▶ [What you will do] Transcribe, word for word, all of the entries below, and exclude any pictures from the copy.

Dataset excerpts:
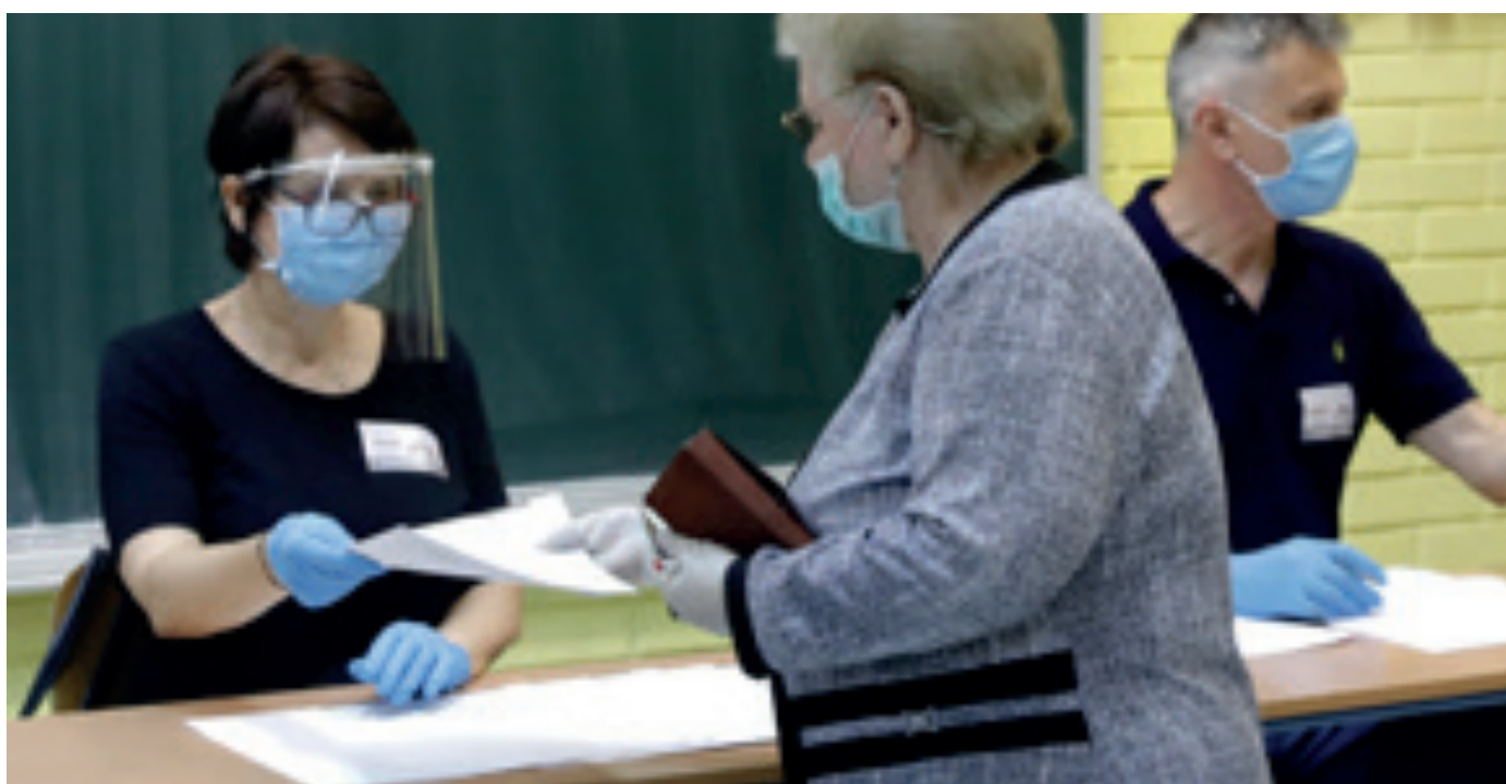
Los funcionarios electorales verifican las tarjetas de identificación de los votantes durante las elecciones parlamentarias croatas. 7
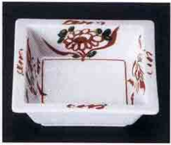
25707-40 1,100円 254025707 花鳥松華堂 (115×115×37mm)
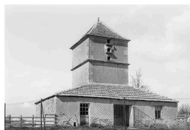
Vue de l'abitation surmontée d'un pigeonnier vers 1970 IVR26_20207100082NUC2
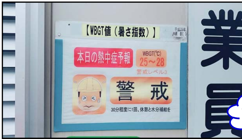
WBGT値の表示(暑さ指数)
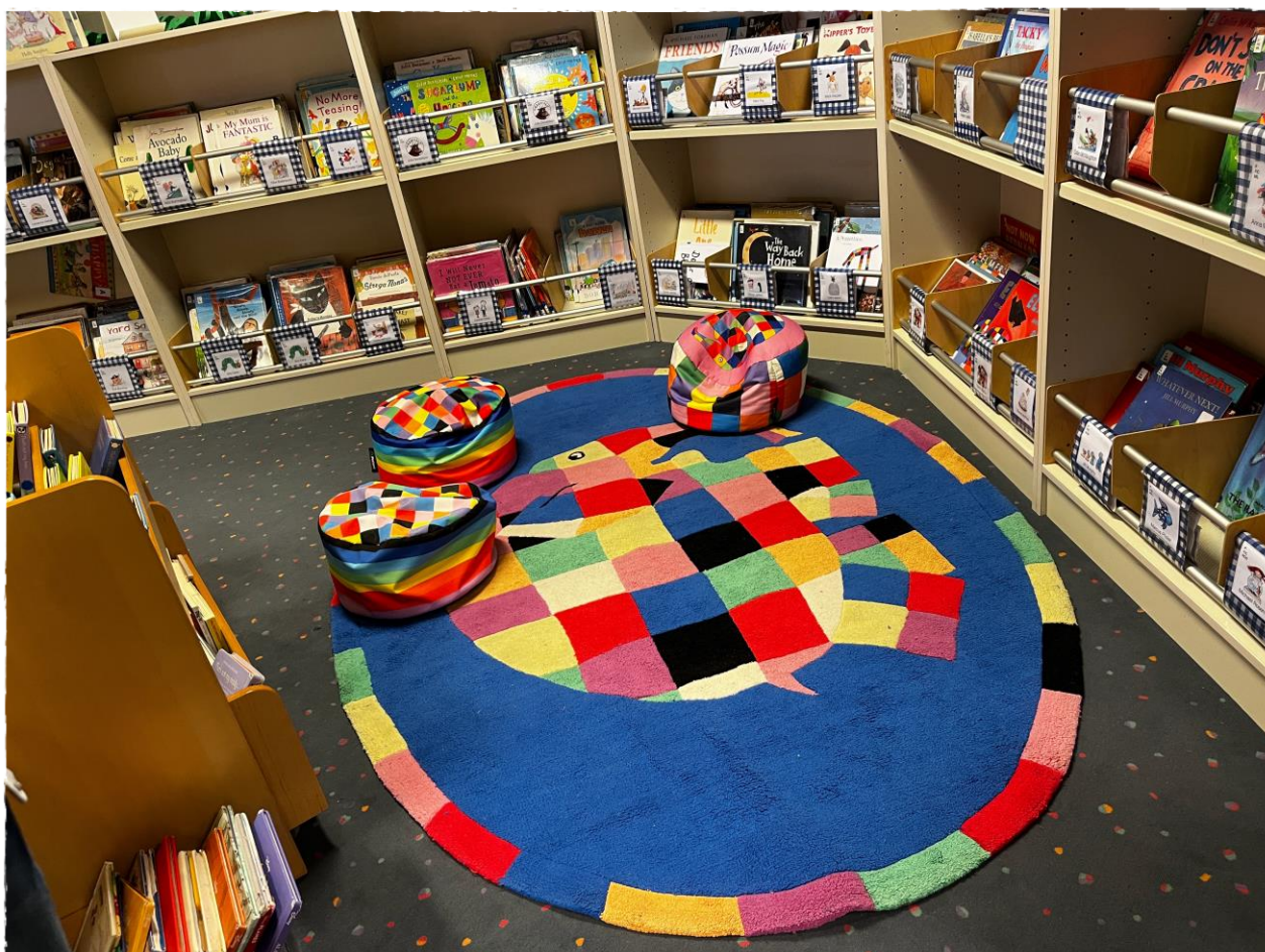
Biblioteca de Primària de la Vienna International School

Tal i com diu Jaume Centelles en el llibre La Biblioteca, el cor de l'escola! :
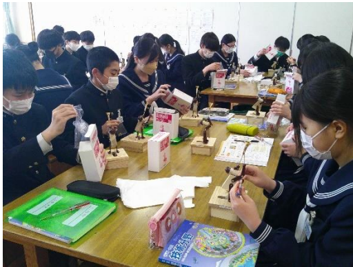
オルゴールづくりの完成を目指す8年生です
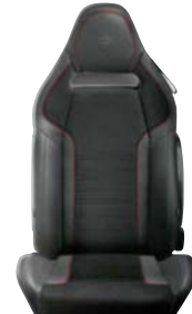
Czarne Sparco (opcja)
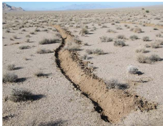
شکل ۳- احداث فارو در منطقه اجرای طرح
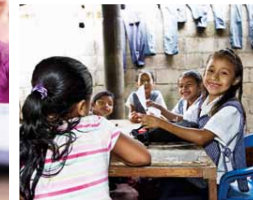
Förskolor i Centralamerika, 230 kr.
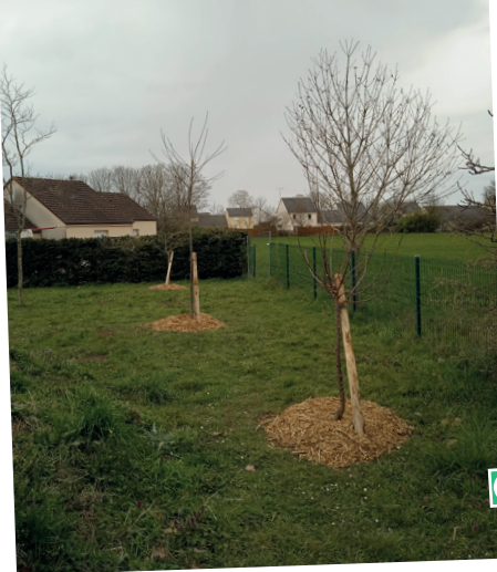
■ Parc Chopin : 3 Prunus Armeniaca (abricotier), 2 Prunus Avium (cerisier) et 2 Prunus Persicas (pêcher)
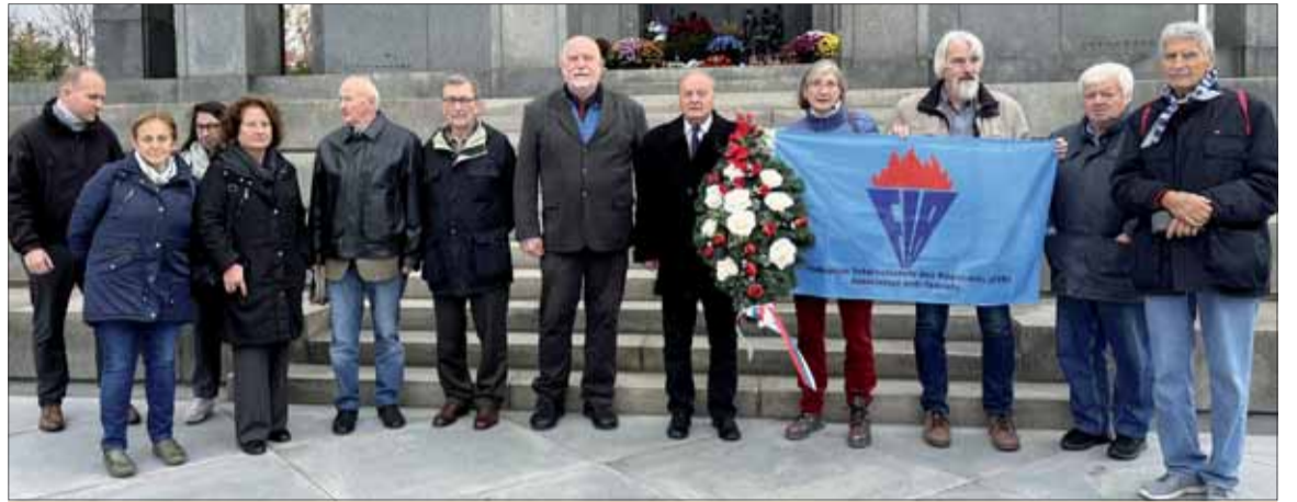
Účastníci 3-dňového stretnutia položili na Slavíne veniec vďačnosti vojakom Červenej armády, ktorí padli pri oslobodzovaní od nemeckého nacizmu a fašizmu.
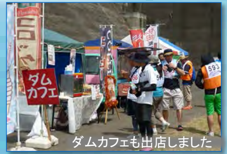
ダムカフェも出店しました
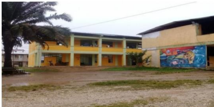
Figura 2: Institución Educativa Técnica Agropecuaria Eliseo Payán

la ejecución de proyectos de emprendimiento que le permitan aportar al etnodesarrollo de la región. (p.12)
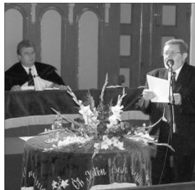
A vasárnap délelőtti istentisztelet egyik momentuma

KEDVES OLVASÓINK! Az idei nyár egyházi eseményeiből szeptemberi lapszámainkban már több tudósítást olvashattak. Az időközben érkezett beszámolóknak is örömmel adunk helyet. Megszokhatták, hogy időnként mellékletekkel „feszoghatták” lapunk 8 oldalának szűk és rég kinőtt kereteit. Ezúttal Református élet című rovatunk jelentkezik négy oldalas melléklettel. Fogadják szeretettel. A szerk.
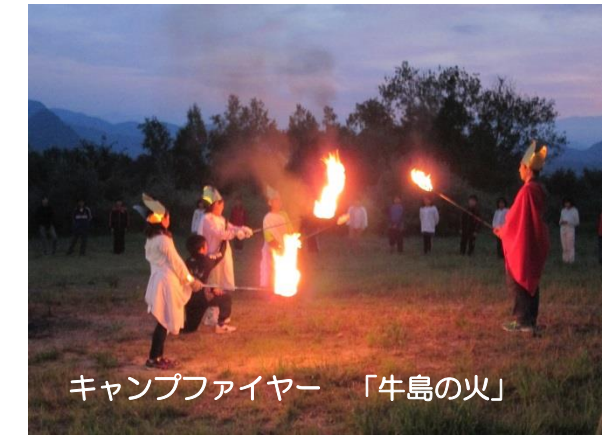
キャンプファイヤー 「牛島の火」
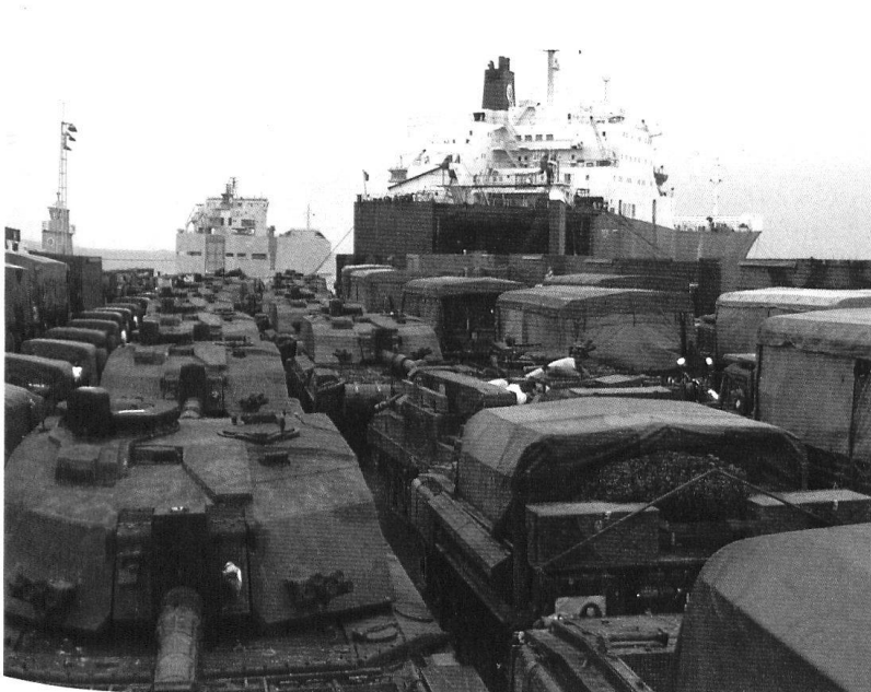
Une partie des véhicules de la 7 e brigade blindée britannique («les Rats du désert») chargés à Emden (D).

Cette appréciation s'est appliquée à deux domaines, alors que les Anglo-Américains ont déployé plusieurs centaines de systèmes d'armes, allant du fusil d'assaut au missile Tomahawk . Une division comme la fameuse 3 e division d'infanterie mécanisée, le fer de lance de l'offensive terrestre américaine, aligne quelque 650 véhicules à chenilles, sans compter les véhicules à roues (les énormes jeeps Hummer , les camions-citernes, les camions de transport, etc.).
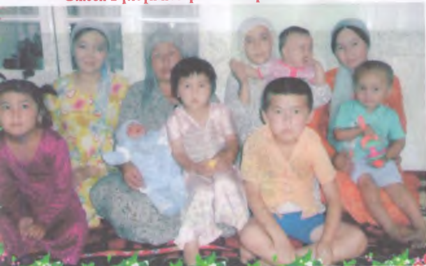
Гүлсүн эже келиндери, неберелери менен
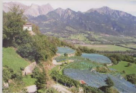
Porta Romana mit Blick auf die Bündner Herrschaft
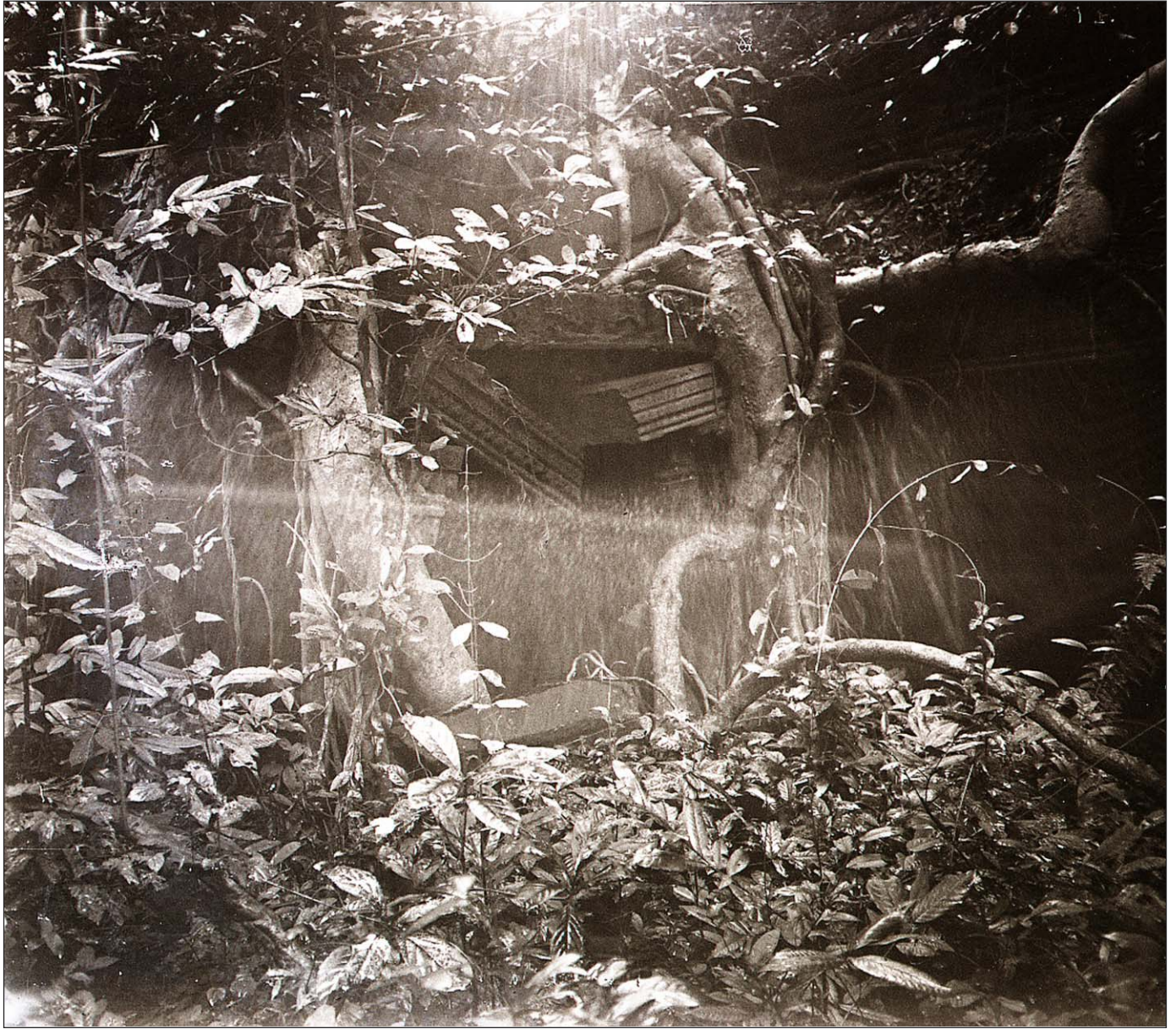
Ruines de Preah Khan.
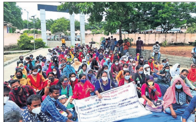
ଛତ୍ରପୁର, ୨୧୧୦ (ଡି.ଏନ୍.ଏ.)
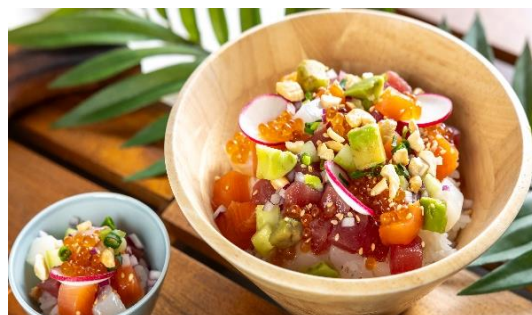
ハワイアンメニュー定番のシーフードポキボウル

▶ [Reply]
Los funcionarios electorales verifican las tarjetas de identificación de los votantes durante las elecciones parlamentarias croatas. 7
25707-40 1,100円 254025707 花鳥松華堂 (115×115×37mm)
Vue de l'abitation surmontée d'un pigeonnier vers 1970 IVR26_20207100082NUC2
WBGT値の表示(暑さ指数)
Biblioteca de Primària de la Vienna International School

Tal i com diu Jaume Centelles en el llibre La Biblioteca, el cor de l'escola! :
オルゴールづくりの完成を目指す8年生です
Czarne Sparco (opcja)
شکل ۳- احداث فارو در منطقه اجرای طرح
Förskolor i Centralamerika, 230 kr.
■ Parc Chopin : 3 Prunus Armeniaca (abricotier), 2 Prunus Avium (cerisier) et 2 Prunus Persicas (pêcher)
Účastníci 3-dňového stretnutia položili na Slavíne veniec vďačnosti vojakom Červenej armády, ktorí padli pri oslobodzovaní od nemeckého nacizmu a fašizmu.
ダムカフェも出店しました
Figura 2: Institución Educativa Técnica Agropecuaria Eliseo Payán

la ejecución de proyectos de emprendimiento que le permitan aportar al etnodesarrollo de la región. (p.12)
A vasárnap délelőtti istentisztelet egyik momentuma

KEDVES OLVASÓINK! Az idei nyár egyházi eseményeiből szeptemberi lapszámainkban már több tudósítást olvashattak. Az időközben érkezett beszámolóknak is örömmel adunk helyet. Megszokhatták, hogy időnként mellékletekkel „feszoghatták” lapunk 8 oldalának szűk és rég kinőtt kereteit. Ezúttal Református élet című rovatunk jelentkezik négy oldalas melléklettel. Fogadják szeretettel. A szerk.
キャンプファイヤー 「牛島の火」
Une partie des véhicules de la 7 e brigade blindée britannique («les Rats du désert») chargés à Emden (D).

Cette appréciation s'est appliquée à deux domaines, alors que les Anglo-Américains ont déployé plusieurs centaines de systèmes d'armes, allant du fusil d'assaut au missile Tomahawk . Une division comme la fameuse 3 e division d'infanterie mécanisée, le fer de lance de l'offensive terrestre américaine, aligne quelque 650 véhicules à chenilles, sans compter les véhicules à roues (les énormes jeeps Hummer , les camions-citernes, les camions de transport, etc.).
Гүлсүн эже келиндери, неберелери менен
Porta Romana mit Blick auf die Bündner Herrschaft
Ruines de Preah Khan.
ଛତ୍ରପୁର, ୨୧୧୦ (ଡି.ଏନ୍.ଏ.)
ハワイアンメニュー定番のシーフードポキボウル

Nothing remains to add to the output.